Realitas ini mengungkapkan sisi gelap dari masyarakat Inggris: adanya kelompok-kelompok yang dipenuhi kebencian terhadap imigran, dan khususnya terhadap Muslim. Imigran Muslim menjadi sasaran ganda dari prasangka dan diskriminasi. Situasi ini begitu parah sehingga insiden penikaman yang dilakukan oleh seorang warga negara Inggris keturunan Rwanda, yang tidak memiliki kaitan dengan Islam, telah memicu gelombang kerusuhan anti-Muslim dan anti-imigran di seluruh negeri.
Mari kita renungkan sejenak tentang skala dan cakupan kerusuhan ini. Kerusuhan pecah di berbagai kota di seluruh Inggris, dan mustahil bagi kelompok perusuh yang sama untuk berpindah-pindah dengan begitu cepat. Ini menunjukkan bahwa sentimen anti-Muslim dan anti-imigran telah mengakar kuat di berbagai lapisan masyarakat Inggris, siap meledak kapan saja ada pemicu. Mereka seperti bara api yang tersembunyi di setiap sudut negeri, menunggu kesempatan untuk membakar masjid atau menyerang tempat penampungan para pengungsi yang tak berdaya.
Menghadapi kenyataan ini, sulit untuk mempertahankan citra Inggris sebagai negara Barat yang sekuler, liberal, dan bermoral tinggi. Apakah ini benar-benar cerminan dari puncak peradaban manusia? Atau justru sebaliknya, apakah ini menunjukkan bahwa Inggris telah menjadi sarang kefanatikan, di mana kaum minoritas hidup dalam ketakutan, orang asing tidak diterima, dan multikulturalisme hanya menjadi slogan kosong yang dihancurkan oleh kekerasan?

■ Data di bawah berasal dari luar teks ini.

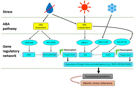 Numerous regulons that are activated in response to abiotic stress have been identified in plants and are components of ABA, a principal phytohormone involved in the regulation of abiotic stress in plants by regulating an intricate gene regulatory system that permits plants to tolerate environmental perturbations [84]. Myeloblastosis oncogene (MYB)/myelocytomatosis oncogene (MYC) and the ABA-responsive element-binding protein/ABA-binding factor (AREB/ABF) regulons function in ABA-dependent gene activation pathways [85], whereas dehydration-responsive element-binding protein 1 (DREB1)/C-repeat binding factor (CBF), DREB2, NAC (CUC, NAM and ATAF) and the zinc-finger homeodomain (HD) regulons function in ABA-independent gene expression (Figure 2). The different TFs involved in stress tolerance normally function independently of each other; however, it has been shown that the ABA-dependent and ABA-independent pathways converge at several points representing transcriptional repressors and enhancers which may interact directly or indirectly with the DREB and AREB, and hence initiate synergistic interactions between cold, drought and salinity stress [86,87].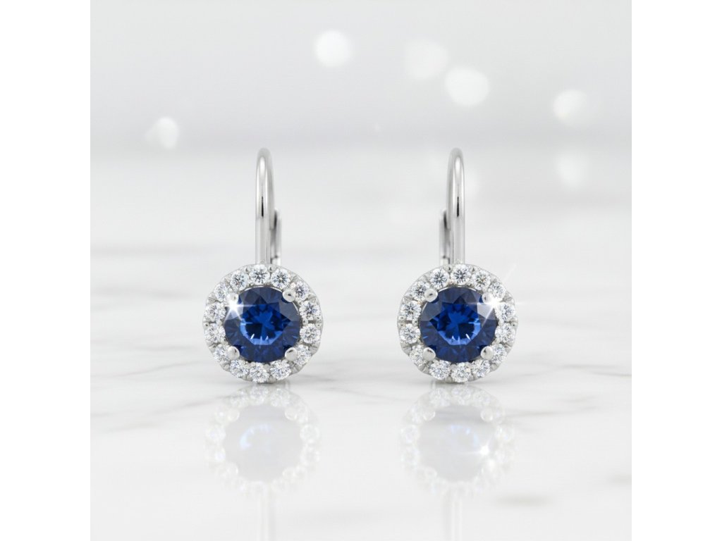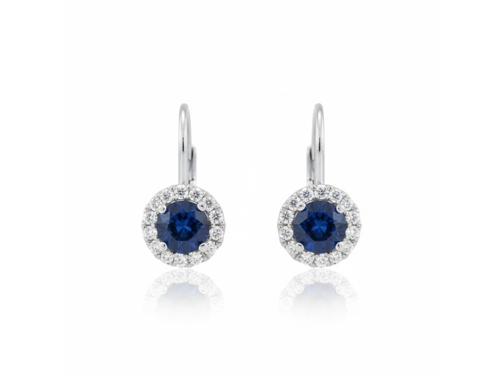 Visiace strieborné náušnice na klapku s modrým zirkónom EZB100740

Negara-negara Barat seringkali gemar berbicara tentang inklusivitas, seolah-olah mereka adalah pengajar utama tentang nilai-nilai kemanusiaan, toleransi, dan segala bentuk kebaikan lainnya. Namun, gambaran ideal ini ternyata hanyalah sebuah topeng tipis yang menutupi realitas yang jauh lebih kelam. Ketika kita menggores permukaannya, kita akan menemukan bahwa kebencian, prasangka, dan diskriminasi masih mengakar kuat di dalam masyarakat mereka.